Swinging along the lane, throwing stones at sparrows and adventurous woodchucks, he came at last to the back pasture covered with hazel bushes, sumac and thorn-apple trees. He made his way along the cowpaths calling the ponies, looking behind the clumping elderberry bushes until at last he came upon them.
The little Admiral ran up whinnying to nuzzle for the sugar lumps Peter usually carried, and there beyond stood the patient mare guarding her new-born colt, the wickedest-looking little fellow who ever tried to scamper on unsteady legs.
He had been licked as clean as down and his small black hooves were as bright as jewels in the wet grass. The mare regarded him with troubled eyes and every now and again ran her wide nostrils over his flanks tenderly. So this was why the mare hadn't come down to the barnyard that morning! Peter slipped his arms under the warm pony colt to carry him home.
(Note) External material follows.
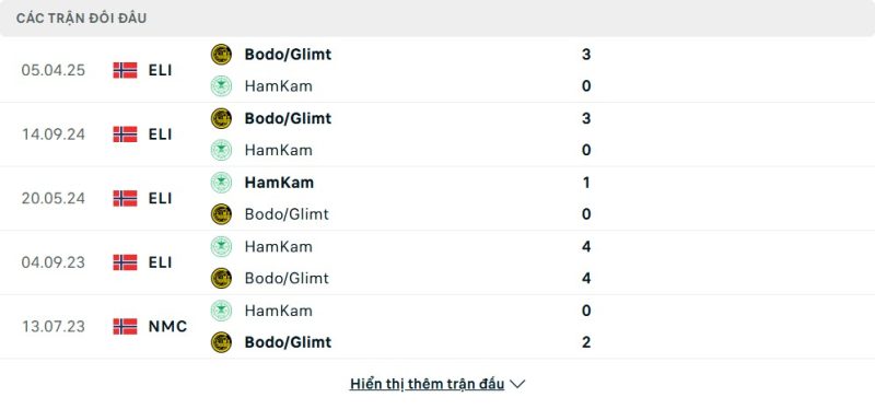 Thành tích đối đầu của HamKam vs Bodø/Glimt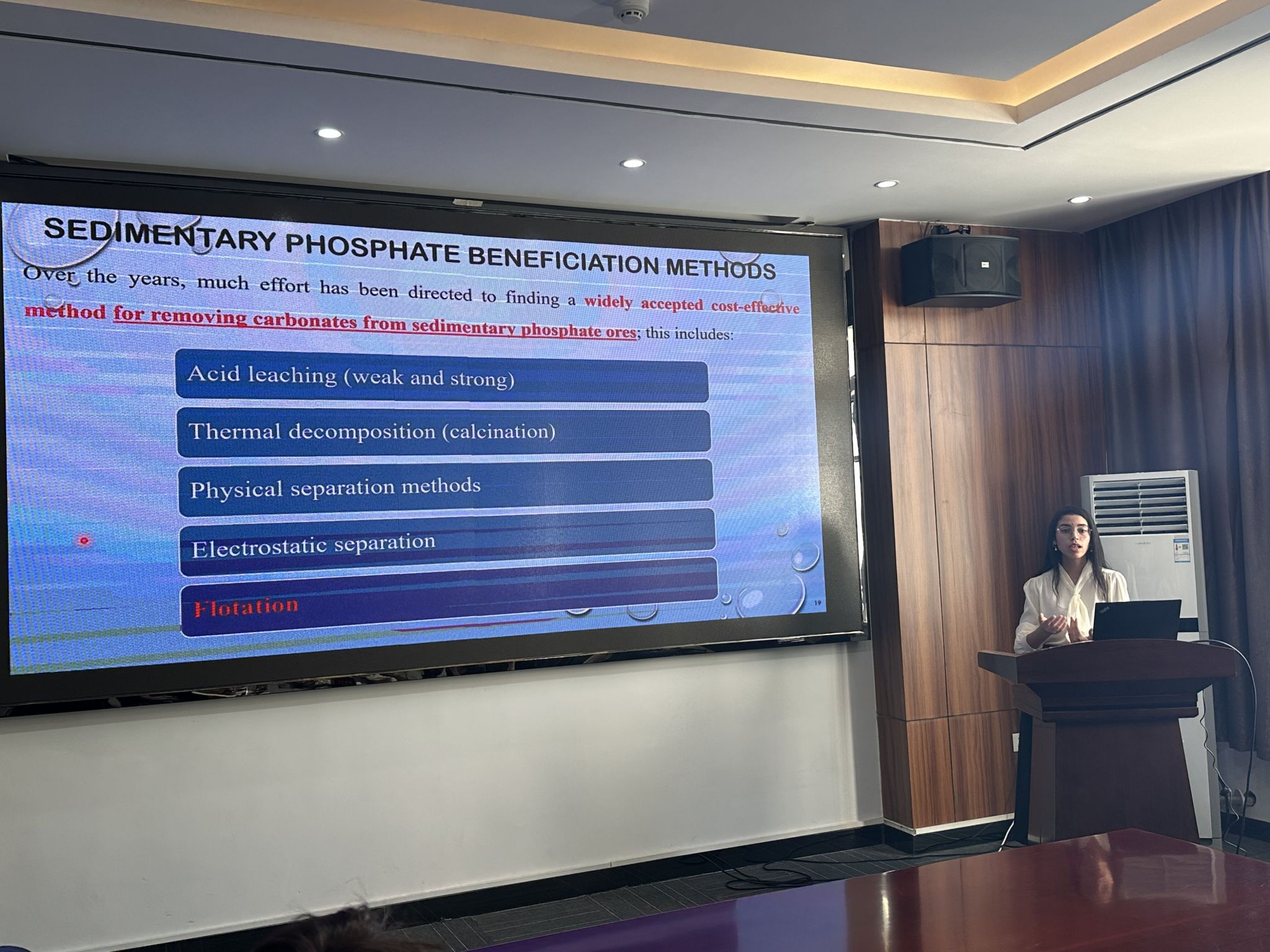 Aarab Imane教授做了题为《The challenging direct flotation of low-grade phosphate ores》的报告,从不同磷矿浮选策略、不同浮选药剂的作用机理以及低品位磷矿浮选所遇到的挑战等方面进行了汇报。

The mare patiently followed.
CHAPTER II
1
Stud Brailsford stopped his team of sorrel mares beside the old mill and blacksmith shop, led Jinny in through the wide doorway and tied her to a wrought-iron ring worn with sixty-five years of friction. He lit the charcoal in the forge, pumped the ancient foot-bellows, and buried a shining shoe in the bright coals.
"This ain't going to hurt you a bit," he told the nervous mare. "Your ma, and your ma's ma, and a long ways back of that got nice new shoes in this same smithy."
He whistled happily as he rolled up his sleeves, showing huge brown arms with bulging biceps, tied on a leather apron, and lifting the heavy hammer gave the anvil a couple of preparatory whangs, bell-like strokes which rang out across the valley of the stream all the way to Cottonwood Hill and back again.